Benchmark methodology

read as .md

benchmarks.ggui.ai is the public dashboard for ggui’s generation quality. It runs nightly and publishes per-cell quality, latency, and cost across a three-tier model matrix. This page is the methodology behind those numbers — what is measured, how it is scored, and how to reproduce a run yourself.

What it measures

Every night the harness generates UI for a fixed corpus of prompts across a three-tier model matrix — fast, balanced, and premium capability tiers, each instantiated on the three providers ggui supports (claude, openai, google). Every matrix cell records three things:

Quality — the aesthetic score (below), 0–100.
Latency — wall-clock time to a compiled, contract-typed component.
Cost — provider spend for the generation, in USD.

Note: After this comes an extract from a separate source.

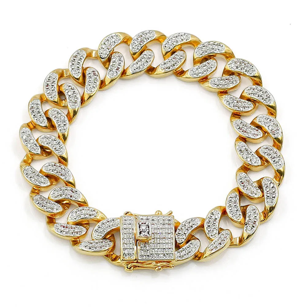 Европейский и американский популярный стильный инкрустированный цирконием браслет в европейском и американском стиле хип-хоп кубинский мужской хип-хоп ювелирный браслет

The dashboard publishes per-cell results. It is not a provider leaderboard — see Judge panel.

Quality scoring

Quality is the mean of five aesthetic dimensions, each weighted equally at 20% and scored 0–100:

Dimension	What it captures
Layout	Spacing, alignment, structure, responsive behavior
Design tokens	Correct use of `@ggui-ai/design` tokens over ad-hoc CSS
Hierarchy	Visual weighting — what reads first, second, third
Polish	States, affordances, finish; the absence of rough edges
Data presentation	How clearly the contract’s data is rendered

The pass threshold is 70. A cell at or above 70 is a pass; below is a fail. The five-dimension breakdown is published alongside the composite so a regression can be traced to the dimension that moved.

Judge panel

Quality is not scored by a single model. Each generation is judged by a three-provider panel — claude, openai, and google — all run at temperature 0 for determinism. The published score is the panel mean, and the per-cell spread across the three judges is shown alongside it.

The panel exists to neutralize single-model bias: no model judges only its own output, and a generous-to-self or harsh-to-rivals bias from any one judge is diluted by the other two. The visible spread is the honesty check — a wide spread on a cell is a signal that the judges disagree, not a number to trust blindly.

This is why the dashboard publishes per-cell scores, not a provider ranking. The unit of truth is “this model, this tier, on this prompt” — rolling that up into a single “best provider” headline would discard exactly the per-cell, per-dimension detail the panel is designed to preserve.

Corpus

The harness runs against a fixed set of generation prompts — representative UI shapes that exercise the contract surface: weather-card, survey-form, kanban-board, and others, plus gadget commits (renderer-side capability flows). The corpus is fixed so that night-over-night movement reflects model and triad changes, not a shifting set of prompts.

Reproducibility

The benchmark is source-available — the entire harness ships in the public repo. To run it yourself:

git clone https://github.com/ggui-ai/ggui
cd ggui
pnpm install
pnpm --filter @ggui-ai/benchmark bench …

You need a provider API key (set the relevant provider environment variable; the harness reads it the same way the live dashboard does). The benchmark dataset is licensed CC-BY-4.0 — reuse it, cite it, build on it.